In this exercise, print only the lines of the records below from the one with "Additional Information from" through the one with "Benvolio 41.34 in.", inclusive. Pictures are not part of the copy.

Segment Start: Exercise inputs

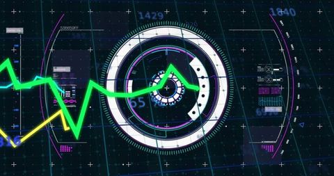 Futuristic hud displaying rotating concentric hub with neon waveform analytics and holographic grid
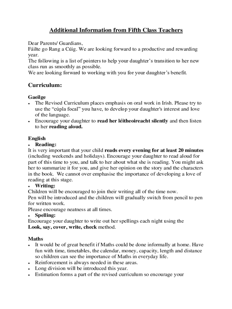 Additional Information from Fifth Class Teachers Dear Parents/ Guardians, Filte go Rang a Cig. We are looking forward to a productive and rewarding year. The following is a list of pointers to help
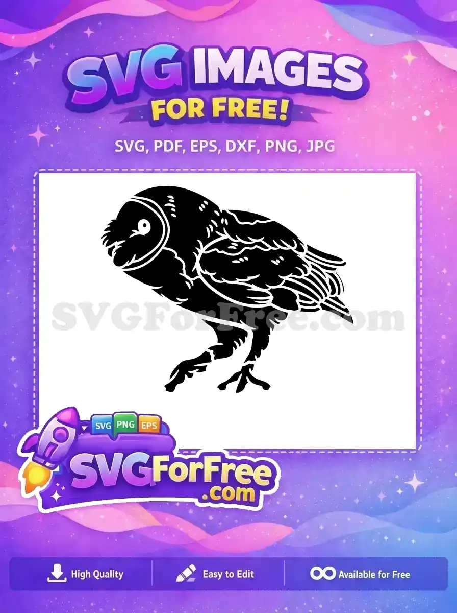 Free Majestic Black Owl Silhouette Free Detailed Feathered Wings Free SVG – Instant Download
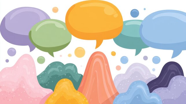 Colorful speech bubbles fill the background in various shapes and sizes showing different colors and styles for communication
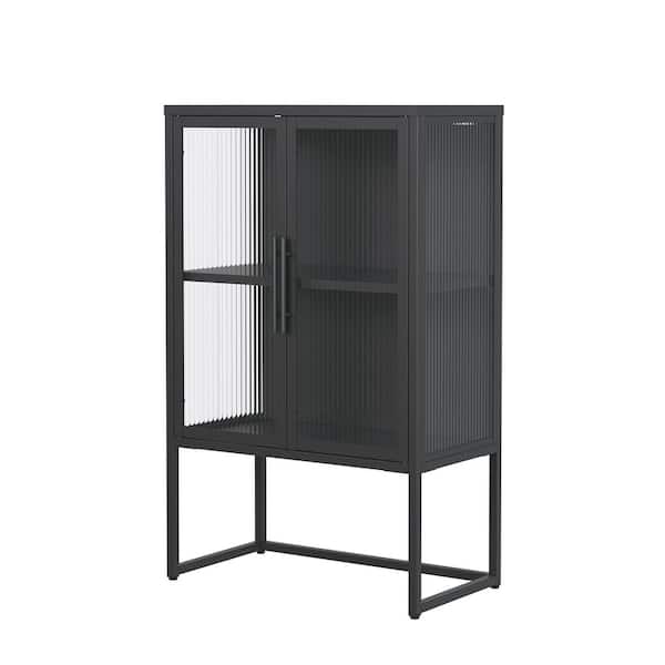 Benvolio 41.34 in. Tall" Black Steel 2-Shelf 2-Door Storage Cabinet Bookcase with Fluted Clear Doors
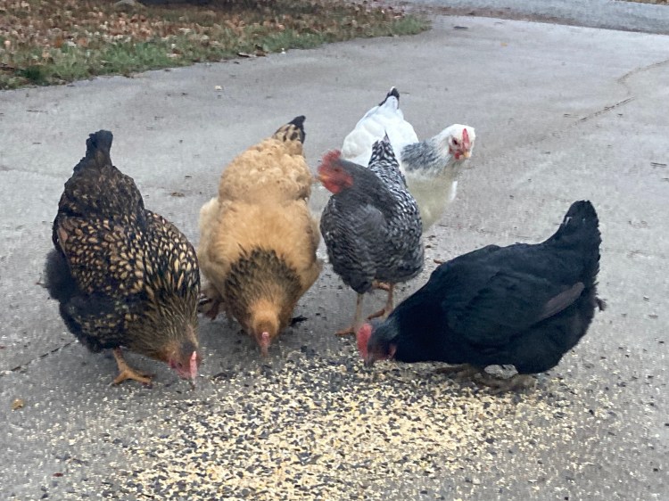 We currently have 7 hens, a mix of heritage breeds. They’re Dorothy, Stan, Sophia, Graham Cracker, Snowflake, Fast Car, Curious George, and Dynamite. (Stan and Curious George are hens; we have no roosters.) They roam around the property all day long but won’t bother you. They mostly bother my carefully planted flowers.

Segment End: Exercise inputs

▶ Written response
 Additional Information from Fifth Class Teachers Dear Parents/ Guardians, Filte go Rang a Cig. We are looking forward to a productive and rewarding year. The following is a list of pointers to help
 Free Majestic Black Owl Silhouette Free Detailed Feathered Wings Free SVG – Instant Download
 Colorful speech bubbles fill the background in various shapes and sizes showing different colors and styles for communication
 Benvolio 41.34 in. Tall" Black Steel 2-Shelf 2-Door Storage Cabinet Bookcase with Fluted Clear Doors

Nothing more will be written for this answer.